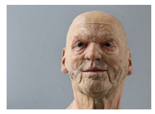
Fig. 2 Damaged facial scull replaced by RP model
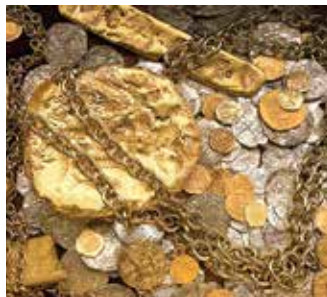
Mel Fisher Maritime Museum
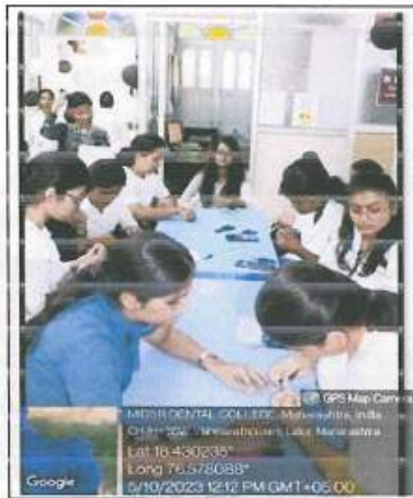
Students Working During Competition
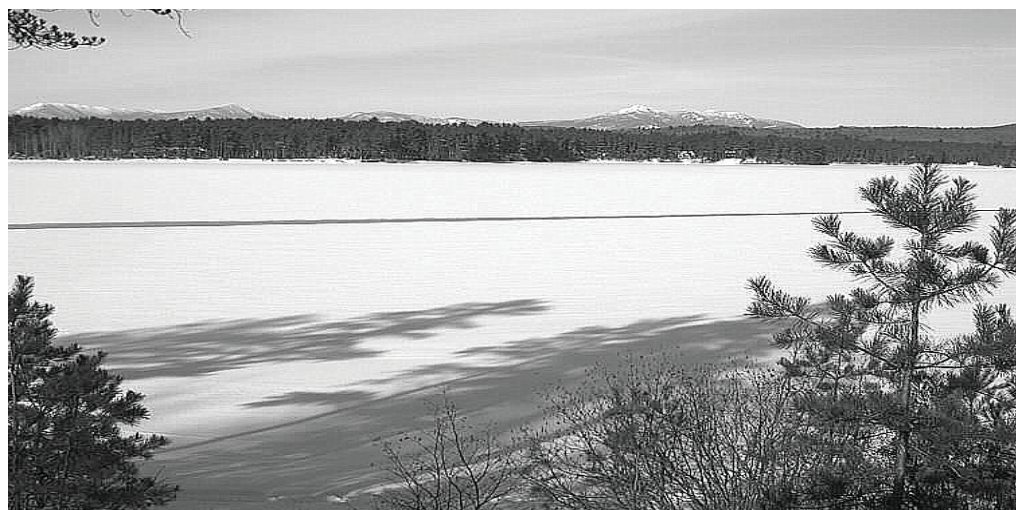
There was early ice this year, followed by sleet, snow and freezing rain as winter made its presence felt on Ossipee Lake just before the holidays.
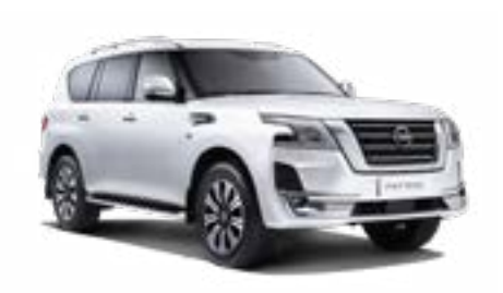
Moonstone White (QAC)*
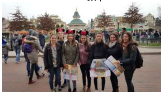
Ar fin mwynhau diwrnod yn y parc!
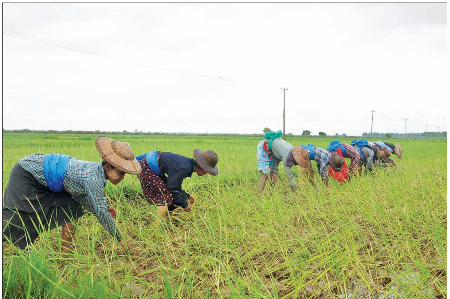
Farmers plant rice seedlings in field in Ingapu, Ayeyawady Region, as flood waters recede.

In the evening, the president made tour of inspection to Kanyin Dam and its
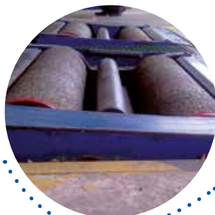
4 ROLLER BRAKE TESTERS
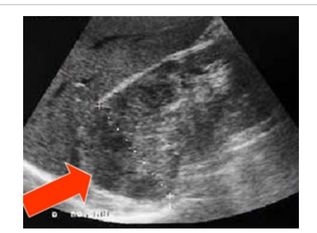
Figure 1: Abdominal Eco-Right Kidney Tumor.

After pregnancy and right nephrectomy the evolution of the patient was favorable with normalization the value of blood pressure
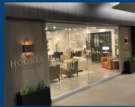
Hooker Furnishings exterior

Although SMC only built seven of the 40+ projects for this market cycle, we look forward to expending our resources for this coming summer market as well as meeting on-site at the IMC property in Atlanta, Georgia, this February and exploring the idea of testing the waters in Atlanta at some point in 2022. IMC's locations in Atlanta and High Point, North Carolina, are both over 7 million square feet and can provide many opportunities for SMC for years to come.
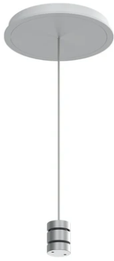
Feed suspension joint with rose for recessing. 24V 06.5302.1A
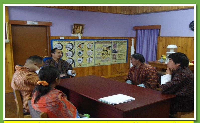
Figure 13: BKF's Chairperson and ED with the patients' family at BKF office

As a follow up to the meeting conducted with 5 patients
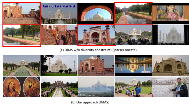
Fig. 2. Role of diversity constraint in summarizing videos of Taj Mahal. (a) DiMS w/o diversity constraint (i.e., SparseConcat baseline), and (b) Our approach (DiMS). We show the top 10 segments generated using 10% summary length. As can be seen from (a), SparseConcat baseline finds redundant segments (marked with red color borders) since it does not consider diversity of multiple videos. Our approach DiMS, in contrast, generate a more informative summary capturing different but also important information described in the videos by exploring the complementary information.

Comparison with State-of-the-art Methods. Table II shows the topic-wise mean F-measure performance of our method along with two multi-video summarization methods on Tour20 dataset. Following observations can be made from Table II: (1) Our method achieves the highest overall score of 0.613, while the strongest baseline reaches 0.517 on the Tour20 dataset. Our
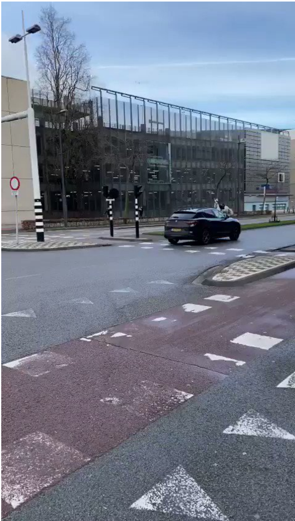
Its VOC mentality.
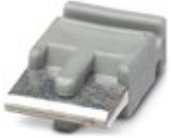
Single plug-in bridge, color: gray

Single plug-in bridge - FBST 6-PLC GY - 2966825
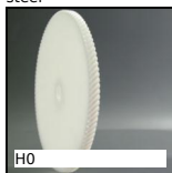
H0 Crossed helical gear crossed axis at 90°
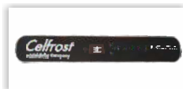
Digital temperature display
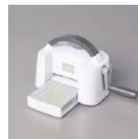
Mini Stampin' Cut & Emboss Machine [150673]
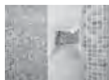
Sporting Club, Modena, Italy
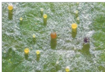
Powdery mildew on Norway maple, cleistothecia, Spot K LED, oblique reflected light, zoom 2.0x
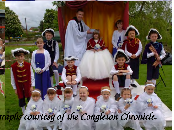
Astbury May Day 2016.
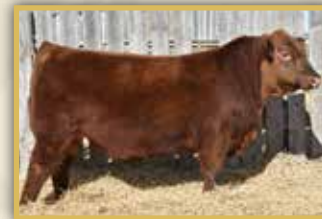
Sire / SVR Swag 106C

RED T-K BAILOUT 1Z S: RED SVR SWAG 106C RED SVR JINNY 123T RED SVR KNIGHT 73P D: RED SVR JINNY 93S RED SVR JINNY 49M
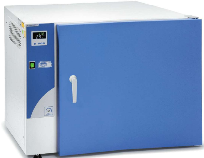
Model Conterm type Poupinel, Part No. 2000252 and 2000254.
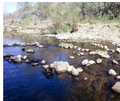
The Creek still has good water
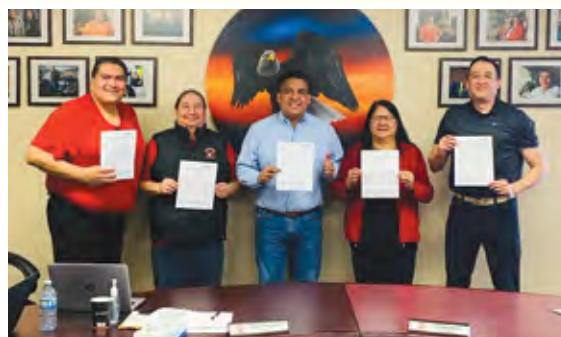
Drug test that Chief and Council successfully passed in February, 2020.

┄┄┄┄┄┄

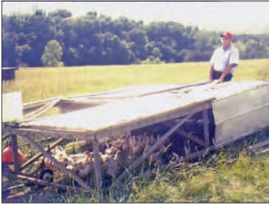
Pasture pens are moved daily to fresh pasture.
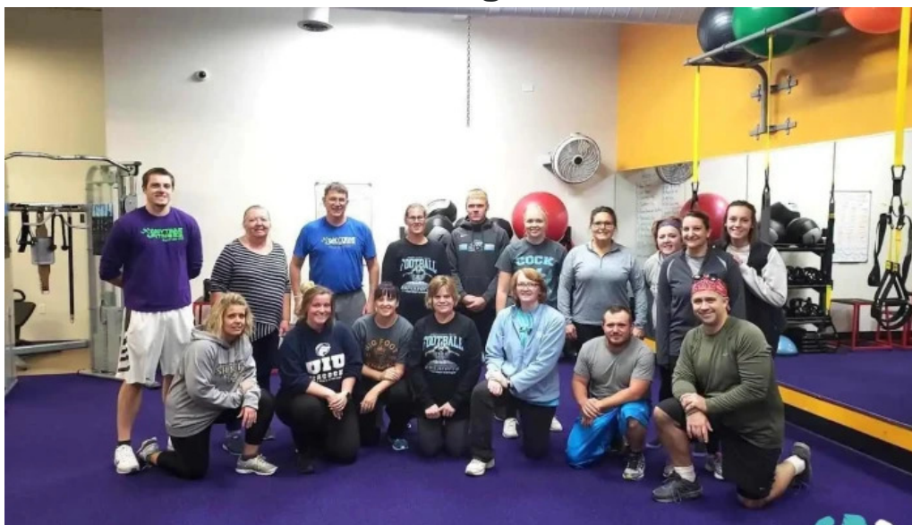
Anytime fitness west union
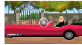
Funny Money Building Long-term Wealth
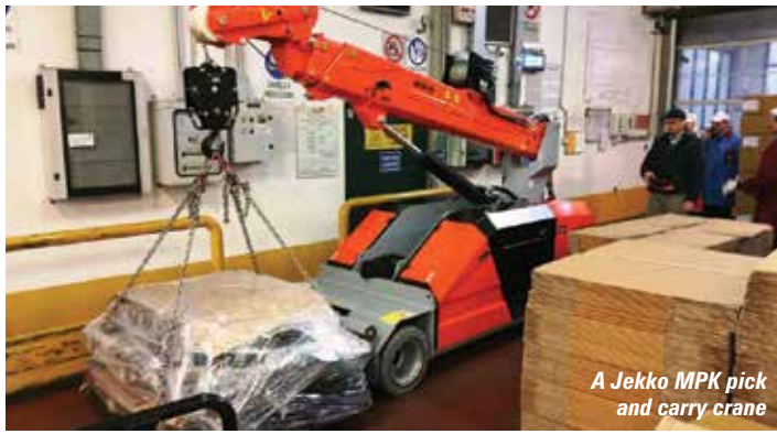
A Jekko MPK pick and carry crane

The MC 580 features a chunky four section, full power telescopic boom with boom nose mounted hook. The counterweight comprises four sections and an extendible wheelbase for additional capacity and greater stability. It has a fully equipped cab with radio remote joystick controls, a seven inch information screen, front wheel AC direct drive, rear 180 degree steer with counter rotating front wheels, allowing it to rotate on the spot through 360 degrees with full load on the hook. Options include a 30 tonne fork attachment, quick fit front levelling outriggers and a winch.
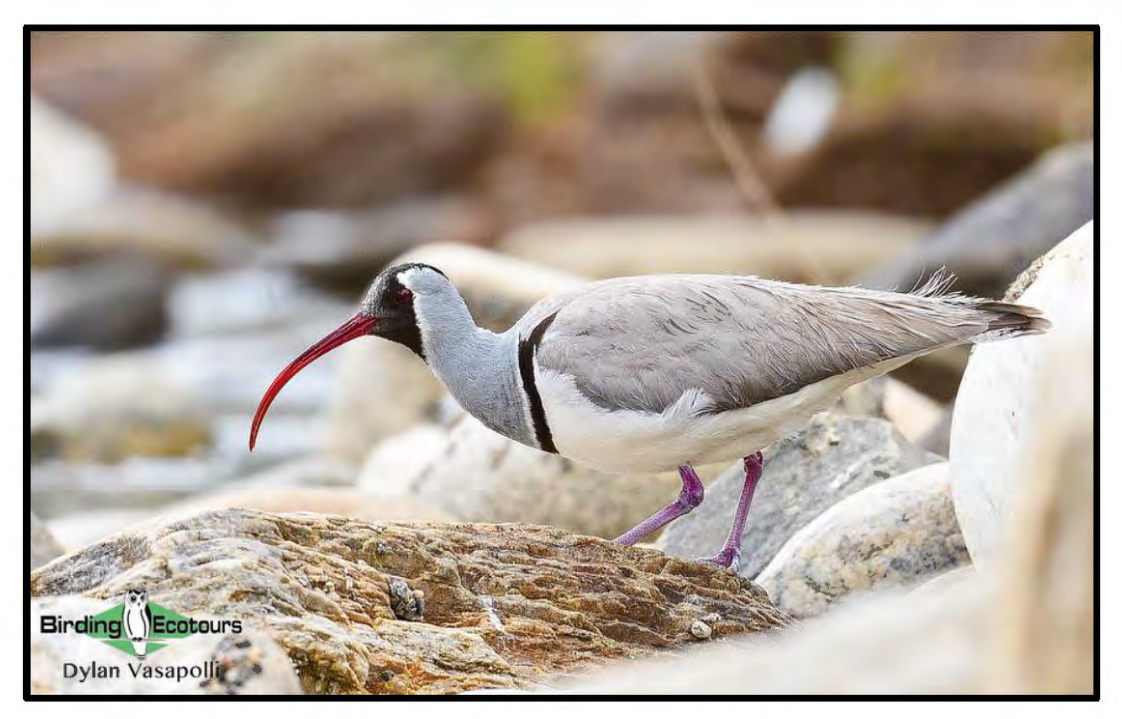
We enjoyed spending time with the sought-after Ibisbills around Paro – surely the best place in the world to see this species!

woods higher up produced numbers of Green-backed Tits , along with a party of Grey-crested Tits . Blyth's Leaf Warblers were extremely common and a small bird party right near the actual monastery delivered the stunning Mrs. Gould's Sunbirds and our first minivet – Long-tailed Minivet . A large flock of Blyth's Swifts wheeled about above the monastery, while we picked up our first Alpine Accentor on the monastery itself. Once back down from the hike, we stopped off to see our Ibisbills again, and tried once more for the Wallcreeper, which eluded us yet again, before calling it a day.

┄┄┄┄┄┄

__TASK DESCRIPTION__: What lines above run from the one with "Fig. 2 Damaged" to the one with "Ar fin mwynhau diwrnod yn y parc!"? Give them again exactly, ends included, and leave the pictures out.

__OUTPUT BELOW__:
Fig. 2 Damaged facial scull replaced by RP model
Mel Fisher Maritime Museum
Students Working During Competition
There was early ice this year, followed by sleet, snow and freezing rain as winter made its presence felt on Ossipee Lake just before the holidays.
Moonstone White (QAC)*
Ar fin mwynhau diwrnod yn y parc!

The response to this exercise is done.